[Records from a data source]
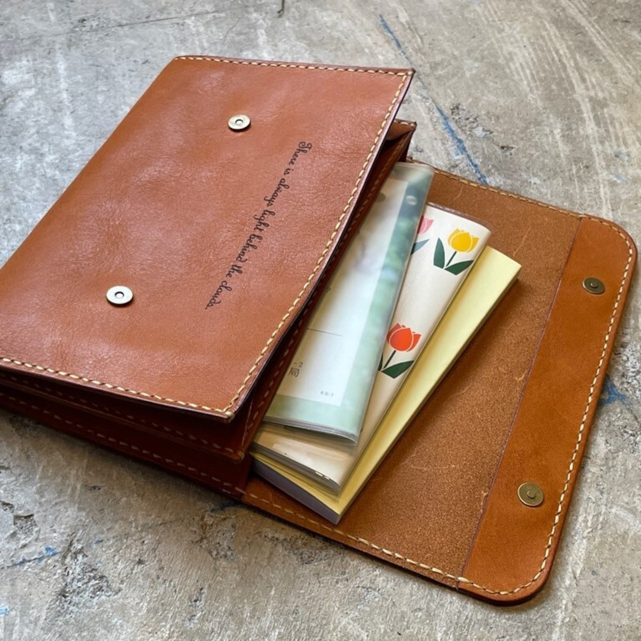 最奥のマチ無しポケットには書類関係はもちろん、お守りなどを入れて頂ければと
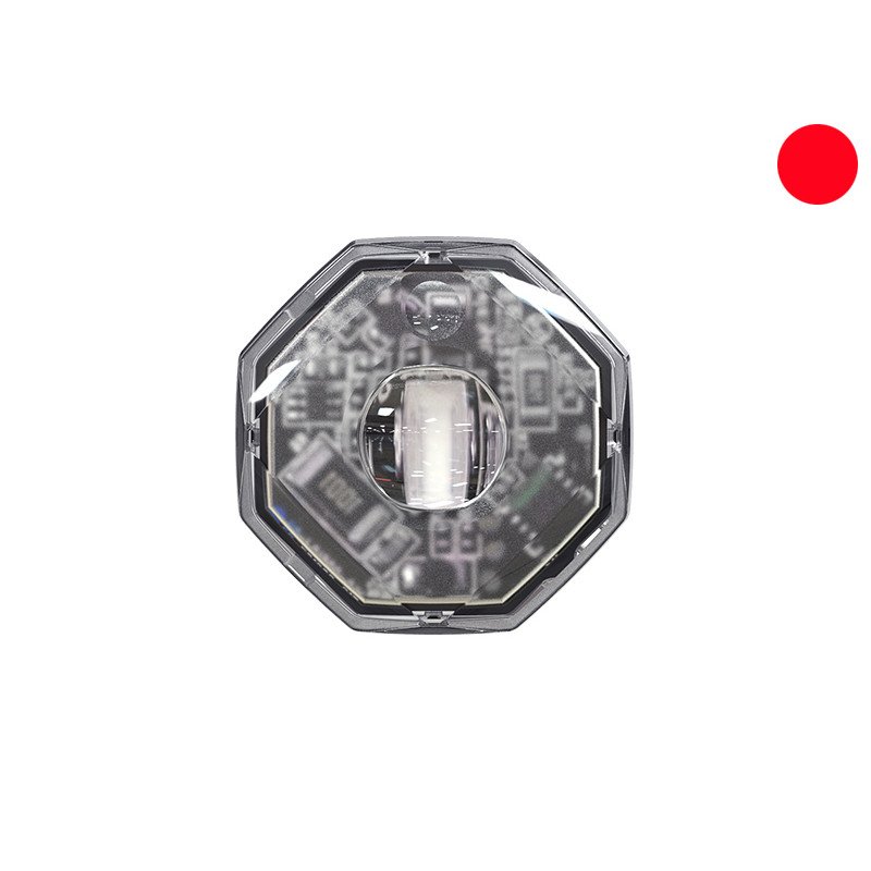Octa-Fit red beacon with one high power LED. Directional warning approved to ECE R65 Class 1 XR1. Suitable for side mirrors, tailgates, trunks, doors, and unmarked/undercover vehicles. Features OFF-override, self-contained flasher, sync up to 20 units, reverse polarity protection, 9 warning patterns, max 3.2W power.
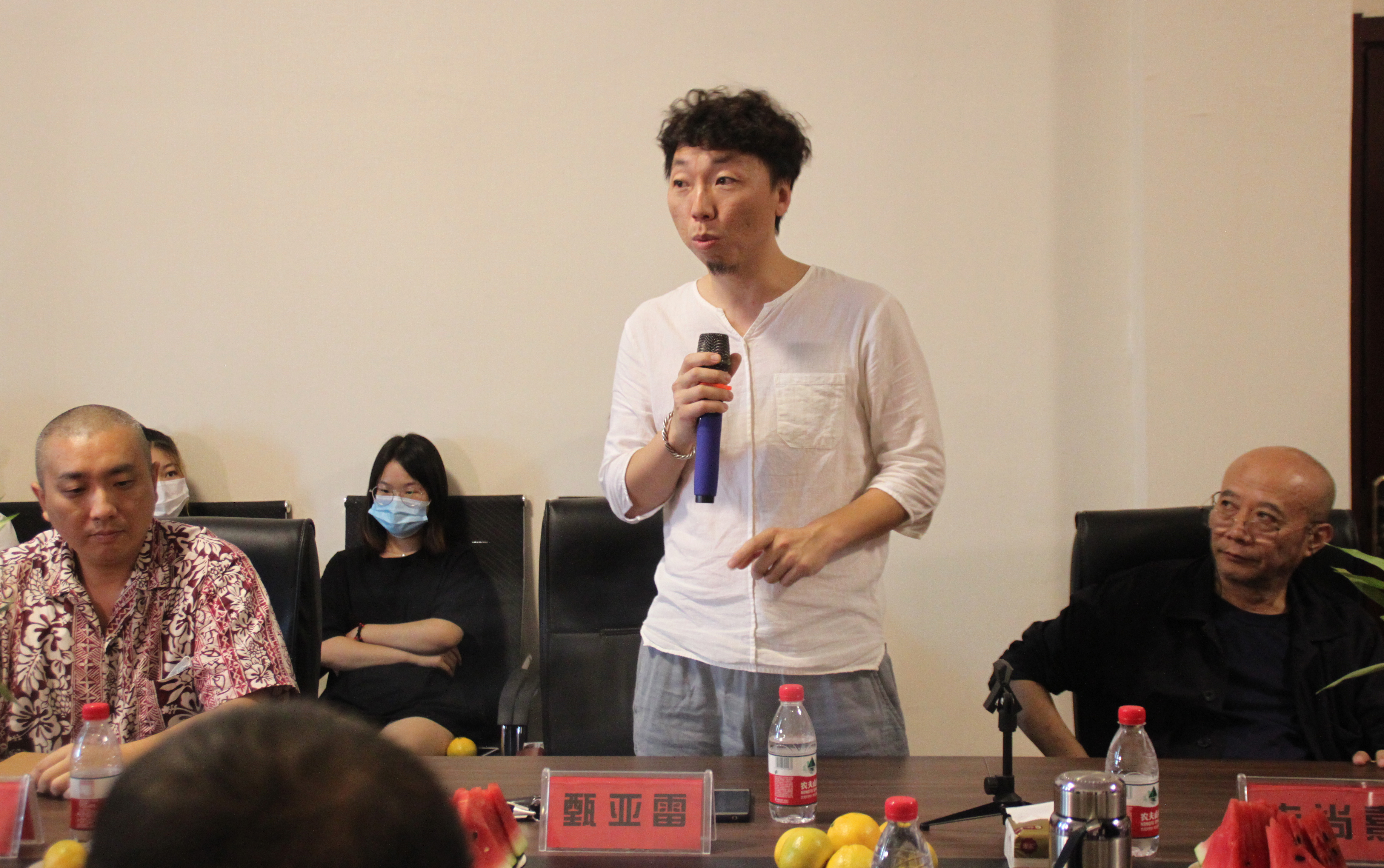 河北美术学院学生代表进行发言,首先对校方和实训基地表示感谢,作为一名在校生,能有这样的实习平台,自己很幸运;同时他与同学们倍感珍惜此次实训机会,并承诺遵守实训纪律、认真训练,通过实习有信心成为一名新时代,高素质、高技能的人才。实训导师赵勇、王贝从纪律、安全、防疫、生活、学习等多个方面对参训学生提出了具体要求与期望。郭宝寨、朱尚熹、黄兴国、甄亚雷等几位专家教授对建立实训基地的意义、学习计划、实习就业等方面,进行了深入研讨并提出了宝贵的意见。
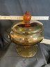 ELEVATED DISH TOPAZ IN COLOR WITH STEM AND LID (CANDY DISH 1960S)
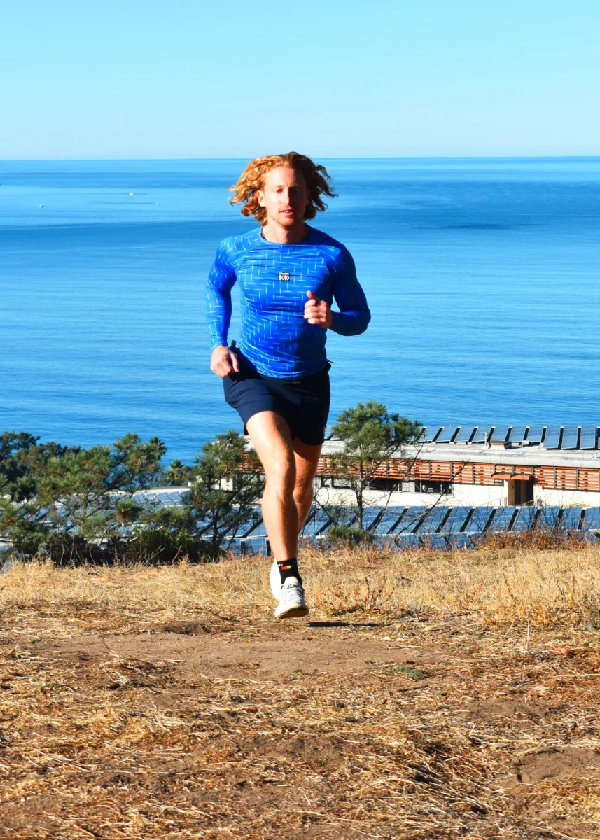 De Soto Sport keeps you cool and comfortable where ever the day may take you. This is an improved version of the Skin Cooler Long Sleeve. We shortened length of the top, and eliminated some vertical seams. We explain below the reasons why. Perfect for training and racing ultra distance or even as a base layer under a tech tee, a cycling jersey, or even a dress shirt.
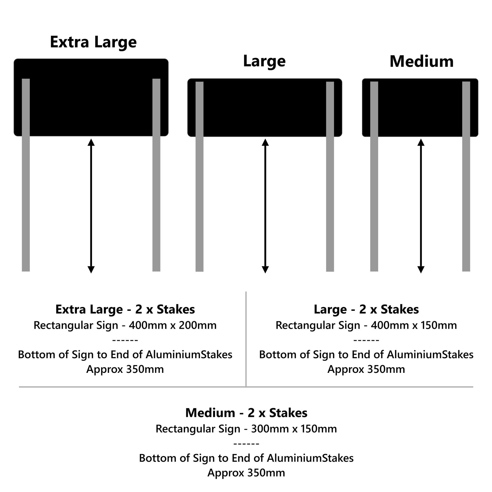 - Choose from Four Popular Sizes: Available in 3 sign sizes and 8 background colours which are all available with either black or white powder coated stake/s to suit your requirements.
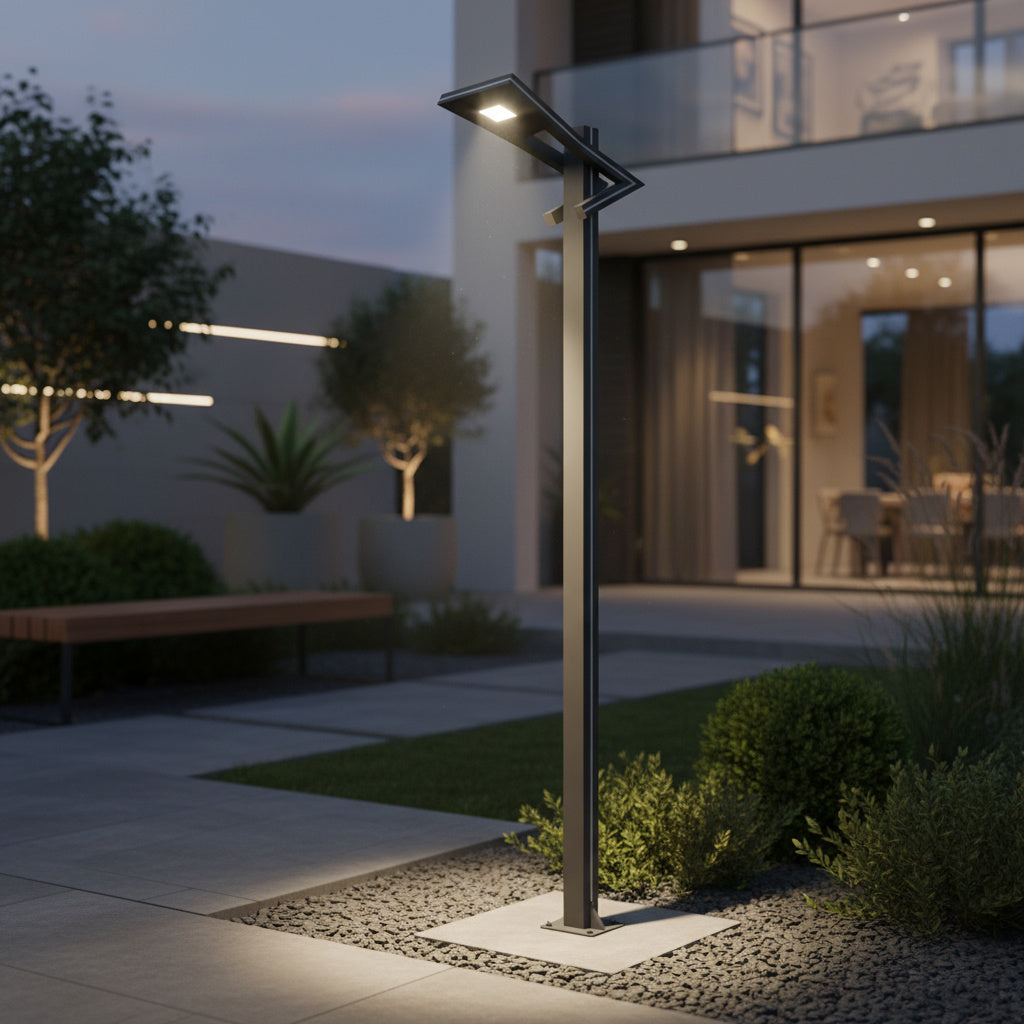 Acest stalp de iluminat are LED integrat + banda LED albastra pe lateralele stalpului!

_Instructions for the task_.
Every record must be copied exactly, with the pictures left out.

_Answer_.
 最奥のマチ無しポケットには書類関係はもちろん、お守りなどを入れて頂ければと
Octa-Fit red beacon with one high power LED. Directional warning approved to ECE R65 Class 1 XR1. Suitable for side mirrors, tailgates, trunks, doors, and unmarked/undercover vehicles. Features OFF-override, self-contained flasher, sync up to 20 units, reverse polarity protection, 9 warning patterns, max 3.2W power.
 河北美术学院学生代表进行发言,首先对校方和实训基地表示感谢,作为一名在校生,能有这样的实习平台,自己很幸运;同时他与同学们倍感珍惜此次实训机会,并承诺遵守实训纪律、认真训练,通过实习有信心成为一名新时代,高素质、高技能的人才。实训导师赵勇、王贝从纪律、安全、防疫、生活、学习等多个方面对参训学生提出了具体要求与期望。郭宝寨、朱尚熹、黄兴国、甄亚雷等几位专家教授对建立实训基地的意义、学习计划、实习就业等方面,进行了深入研讨并提出了宝贵的意见。
 ELEVATED DISH TOPAZ IN COLOR WITH STEM AND LID (CANDY DISH 1960S)
 De Soto Sport keeps you cool and comfortable where ever the day may take you. This is an improved version of the Skin Cooler Long Sleeve. We shortened length of the top, and eliminated some vertical seams. We explain below the reasons why. Perfect for training and racing ultra distance or even as a base layer under a tech tee, a cycling jersey, or even a dress shirt.
 - Choose from Four Popular Sizes: Available in 3 sign sizes and 8 background colours which are all available with either black or white powder coated stake/s to suit your requirements.
 Acest stalp de iluminat are LED integrat + banda LED albastra pe lateralele stalpului!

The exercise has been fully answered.